I could just pay a drainage guy to come and tell me what he thinks I guess


----------



## G2EWS (May 1, 2006)

Johng1974,

Now don't knock what I am about to tell you!

Get two metal coat hangers and make divining rods. Place lightly in the hands and walk over similar pipe work. With practice you will find that the rods move either inward or outward.

Once you have perfected this and it does not take long, you can walk around the old tank and see what you find.

For the record I was an electronics engineer in the RAF and we used to use this method around the Air Traffic Control Tower's when they wanted to dig up for various civil works!

Regards

Chris


----------



## johng1974 (Jan 17, 2007)

ok will try it !

hope no one see's me hehe

thanks Chris


----------



## johng1974 (Jan 17, 2007)

does it matter how long they are?


----------



## G2EWS (May 1, 2006)

Hi John,

Sorry only just got your post. Busy day in the office!
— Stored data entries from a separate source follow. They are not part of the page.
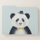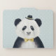 This design features asmart dressed panda bear in a hat and bow tie on a soft polka dot background.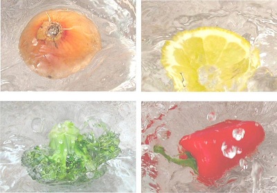 1.將蔬菜放至水中沖洗,放水拍打持續沖洗15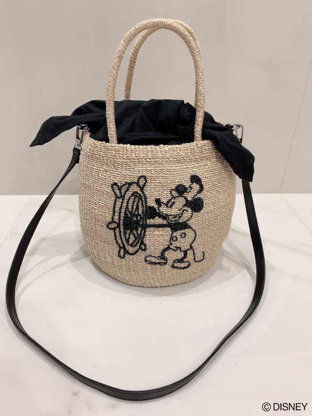 selva secreta/蒸気船ウィリーのミッキーマウスが刺繍されたカゴバッグになります。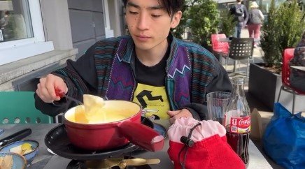 心地よい空気が流れるテラスで2人はチーズフォンデュを堪能します。つるのさんによると、山岳地方で暮らす牛たちのミルクを使っているそうで、一口食べてみると「味濃厚!」と舌鼓。とろっと溶けるチーズに思わずよだれがたれてしまいそう。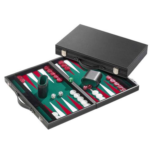 Philos Medium backgammon koffer, kunstleer met groene inleg, compleet met speel- en dobbelstenen. 380x235x55 mm Speeltijd minimaal: 10 minuten Speeltijd maximaal: 40 minuten Aantal spelers minimaal: 2 Aantal spelers maximaal: 2 Leeftijd vanaf: 6 Lengte: 545 mm Breedte: 245 mm Hoogte: 63 mm Materiaal: hout, kunststof

About 2 ft out and 6 " down. You should be able to do it with a normal wire coat hanger. That is if you can find one these days, they are all plastic!

Regards

Chris


----------



## johng1974 (Jan 17, 2007)

thanks Chris, will have a go in tomorrows sunshine....


----------



## 91645 (May 1, 2005)

Hi there:

I use this pump:
http://pumpmax.de/7.html
and I just received from the USA a reel with 50ft heater hose (goodyear)with a diameter of 1inch (25mm). Our local Koi fish dealer made an elbow for me so I can hook the hose into a drain pipe or hole. Fact was that the plastic wire hose becomes brittle at lower temperatures so I decided for a rubber or similar heater hose. 
The pumpmax pump has a 3inch bayonet coupling so the pump is directly coupled to the tank nozzle. I ran a 12 wire to the tank area.
regards,
John


----------



## johng1974 (Jan 17, 2007)

Chris am I 'divining' for water or a pipe? Just that the pipe will almost definately be dry, unless i throw a hose into it?
j


----------



## 101411 (Oct 15, 2006)

Hi John.

Bloody hell divining rods, metal detectors, 6th sense!!
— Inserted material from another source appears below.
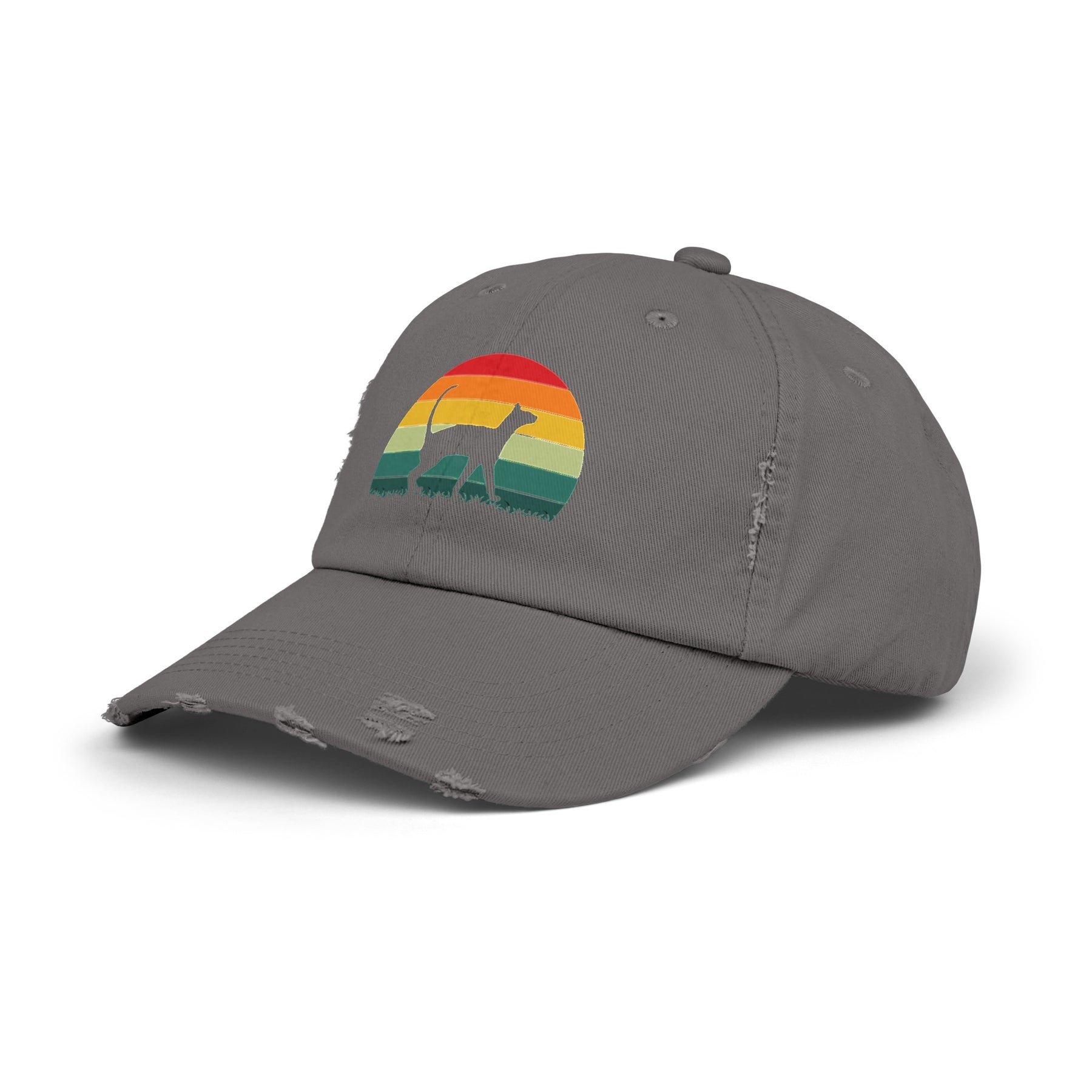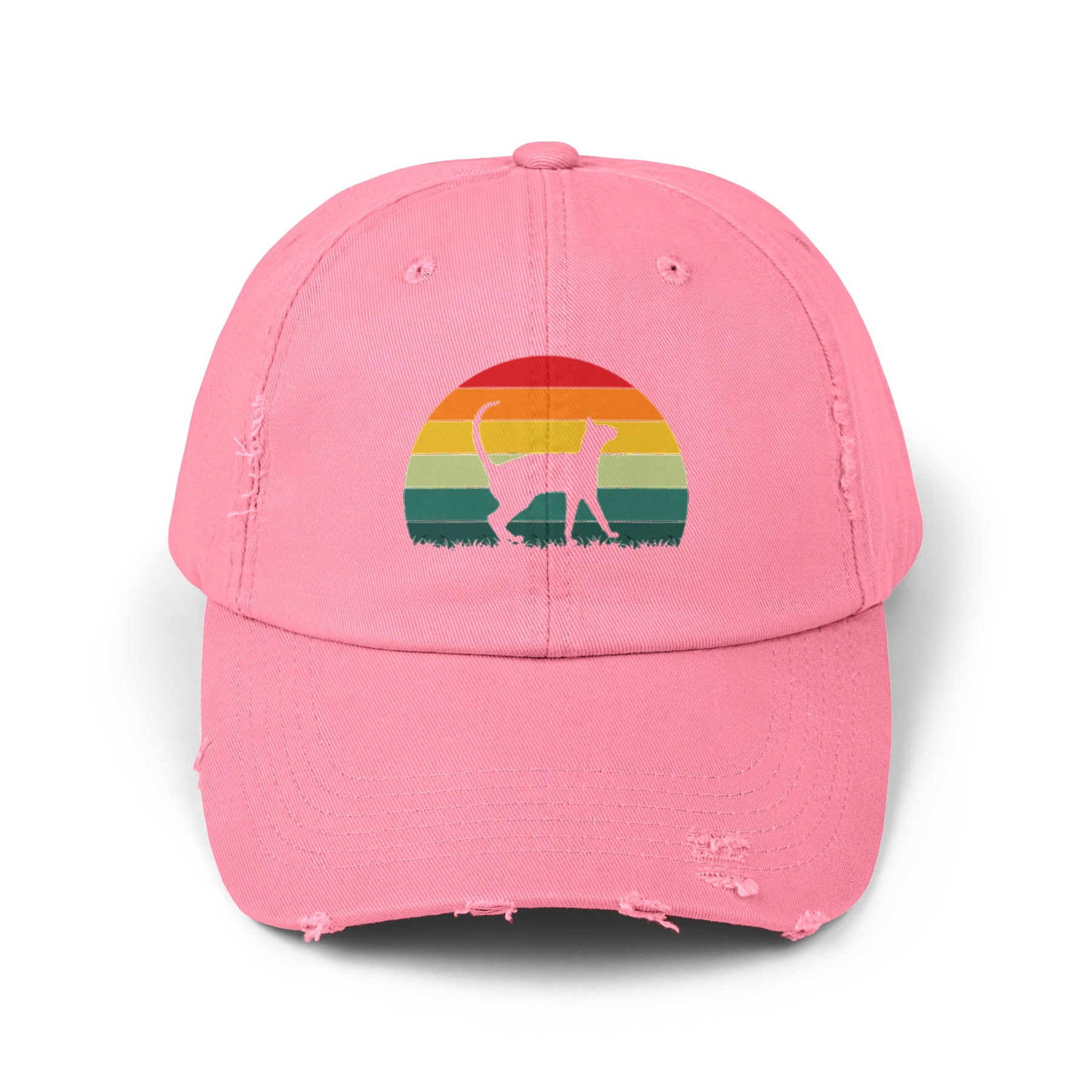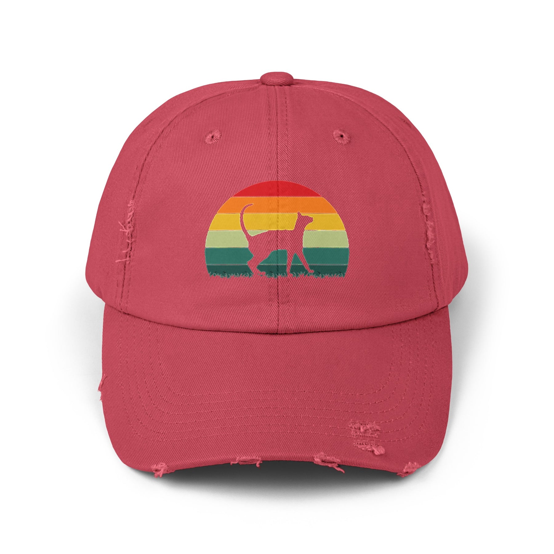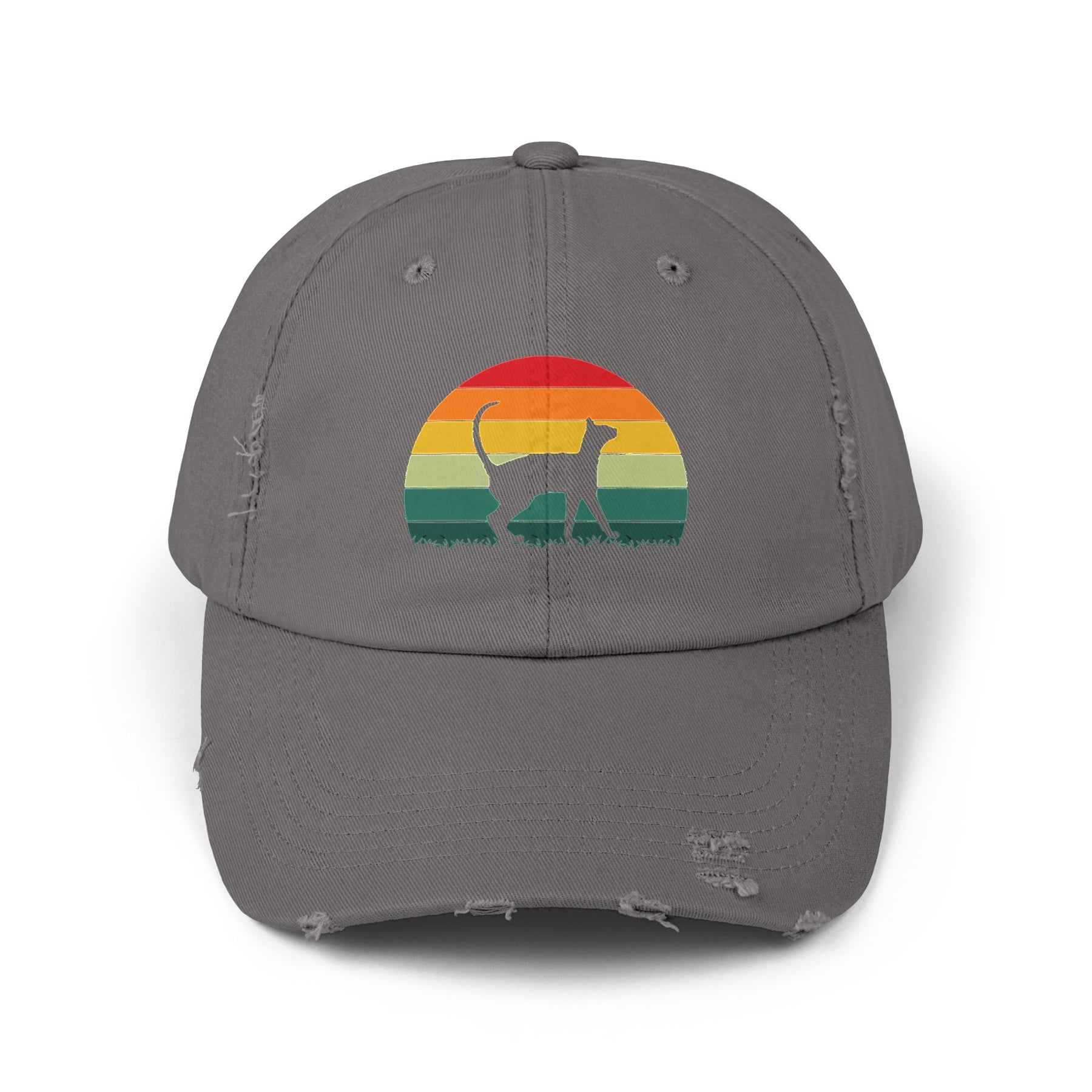 Don't miss out on this must-have accessory that combines vintage charm with a modern twist. Upgrade your outfit and show off your love for all things retro with our Sunset Cat Unisex Distressed Hat.

Get a couple of buckets of water and some red food colouring. Go for a scout round and find as many manhole covers in the area that may be connected to your tank and remove the covers. Mix water and food colouring and chuck in tank, run round all manholes with covers off and look for red coloured water running along the drains. If you see any it doesnt matter where they are connected but they will be connected and you can empty your tanks into their tank with minimum fuss.

Job done and it only costs you about a pound for some food colouring!!

Good luck and let us know how it goes!!

Dazzer


----------



## G2EWS (May 1, 2006)

Hi John,

You can use the rods for water or as we did metal in the cables.

The principal is to have the rods as free as possible in your hands and point very slightly down in front of you. If you can find a sleeve for the hand bits it would be better but not necessary.

Dazzer,

It is a very proven method and as you will see above we used to use it all the time in the RAF. The first time I saw a chap whom the RAF had employed doing it we all laughed at him. He of course had the last laugh as the RAF paid him highly to go all over the country. He taught us and we where surprised at how simple and very un-sixth sense it is.

Regards

Chris


----------



## 101411 (Oct 15, 2006)

Hi Chris

Never said i didnt work 8O (I know for a fact it does!!) But the red water down the drain thing is idiot :wink: (not directed a John of course!!) proof and doesnt require a "technique"!!

Dazzer


----------



## johng1974 (Jan 17, 2007)

ok all, well I didnt quite get divine, I looked at the tank near me and it quickly became apparant that it led nowhere, or if it did, it became 'blocked off' sometime ago.

I searched the farm and couldnt find any manholes that were useable, except the main one at the site entrance (100meters away)

I unhooked everything, fired the v8 and drove there  was back and reconnected in 30 mins, was so easy and was so nice to drive it again after 2 months stationary, even if it was only 200 meters. Given me some confidence in using the van on the road too..

I will definately use the Divining method again, in a similar situation 
John


----------